Good Morning Outbackers!

We are getting ready to leave this weekend for our first trip in the Outback that will require enroute refueling. I know we need to shut the refrigerator down while we are in the gas station, but what is the best practice?

Can we just shut off the propane at the tank, and then when we are done, open the tanks back up - and the 'frig will relight automatically?

Or do I need to go in the trailer and turn off the 'frig first, then turn it back on after we pull out?

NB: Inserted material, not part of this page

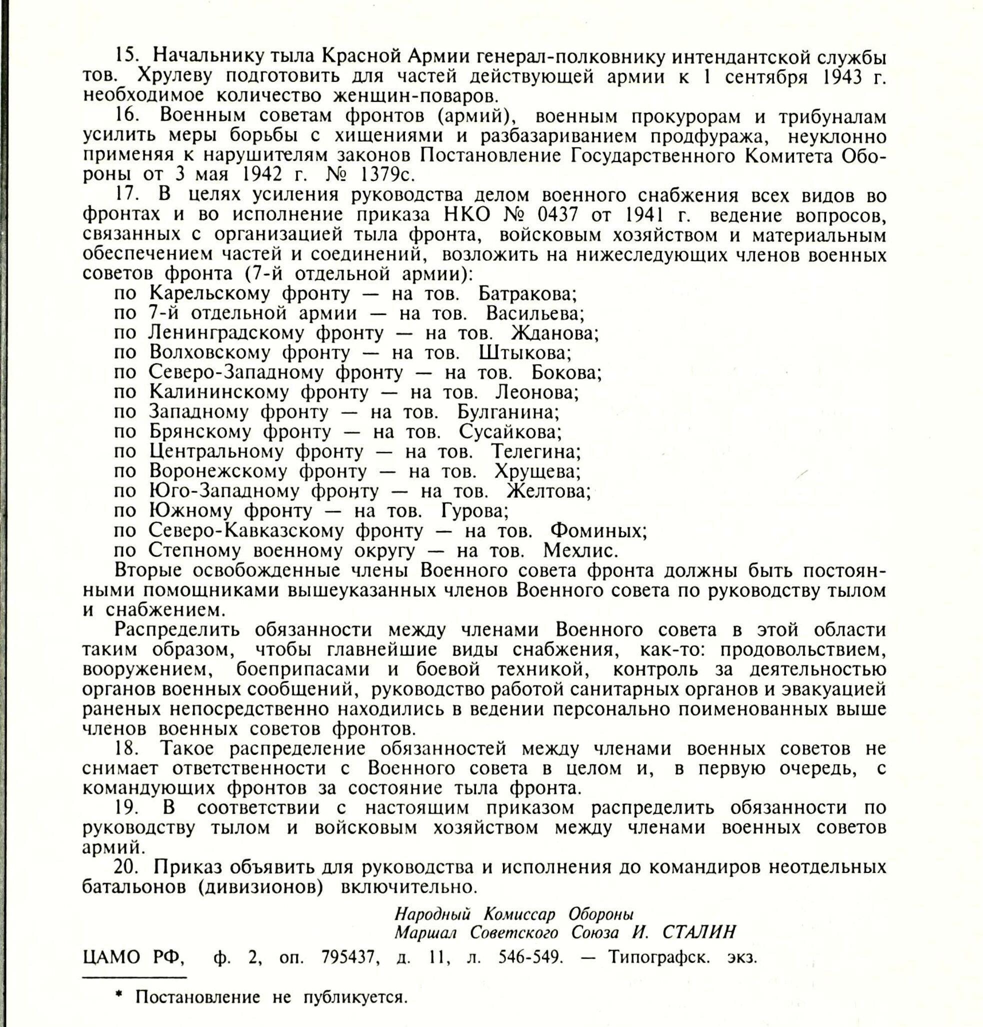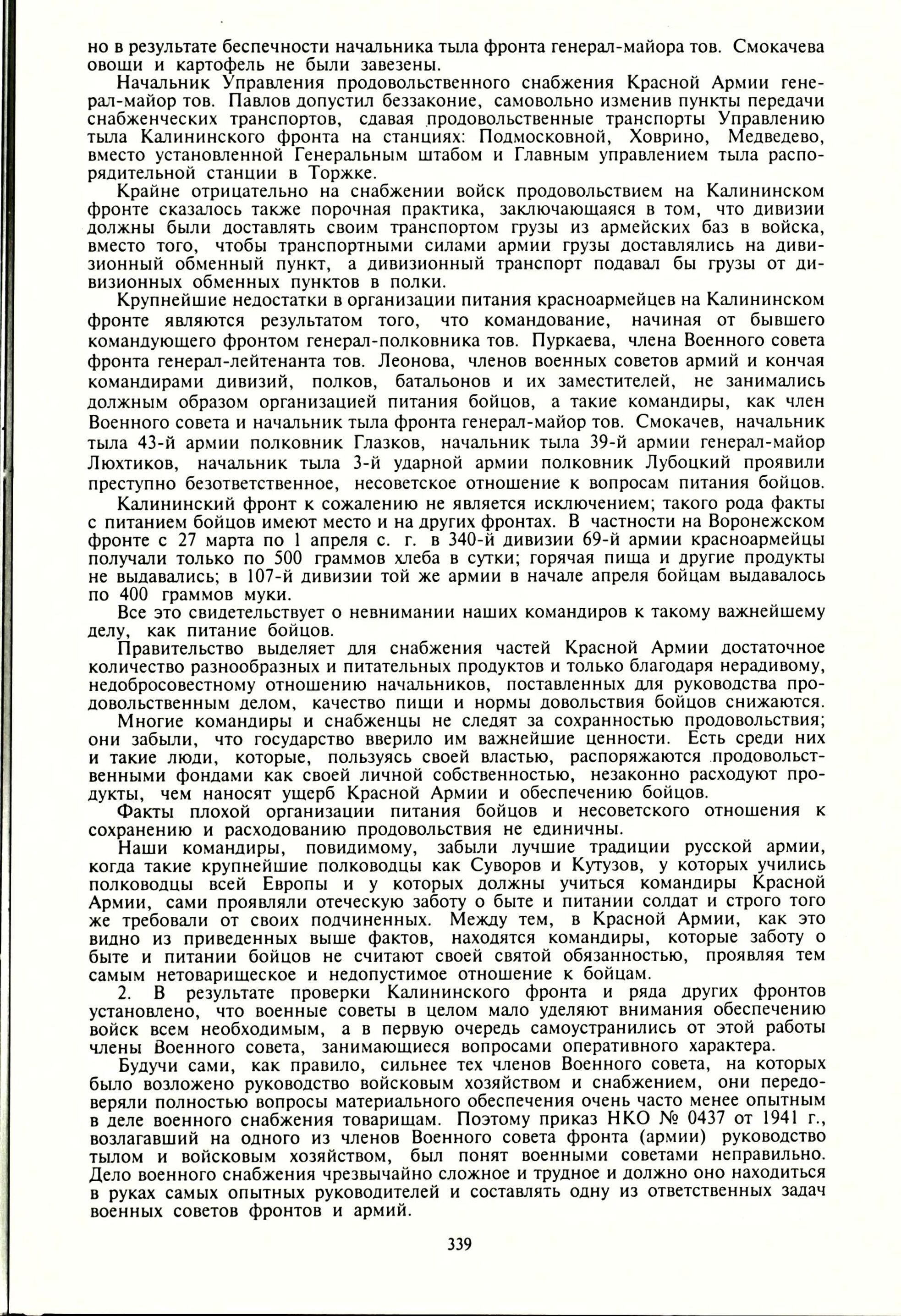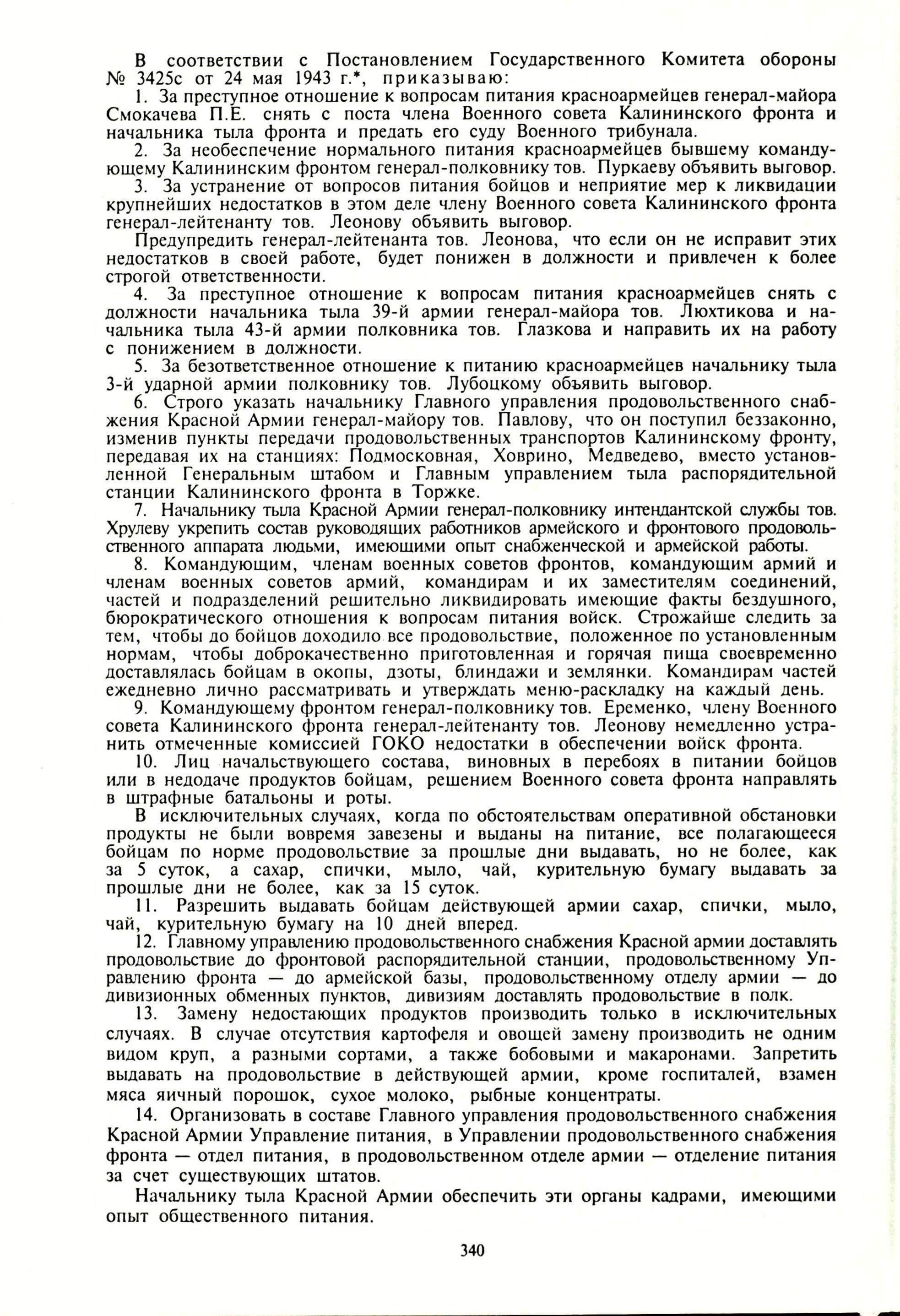 Сталин подробно разбирает выводы комиссии ГКО о питании бойцов. С фамилиями ответственных за безобразие. В приказе упомянуты от выговоров до отдания под трибунал сразу пять генералов!

What do you all do, in this situation?

Thanks for the help, and...

Happy Trails,
Doug


----------



## camping479 (Aug 27, 2003)

I go in and turn off the fridge. If you turn off the tank, the fridge will stay lit until the lp in the line is used up. Then you have to go thru the process of turning the fridge on and off until the air is out of the line.

Have a good trip.

Mike


----------



## Morrowmd (Feb 22, 2005)

Doug,

I pull into the gas station, stop short of the pumps, have DW jump out and turn off frig inside. What you want is all pilot lights off- frig, water heater, furnace.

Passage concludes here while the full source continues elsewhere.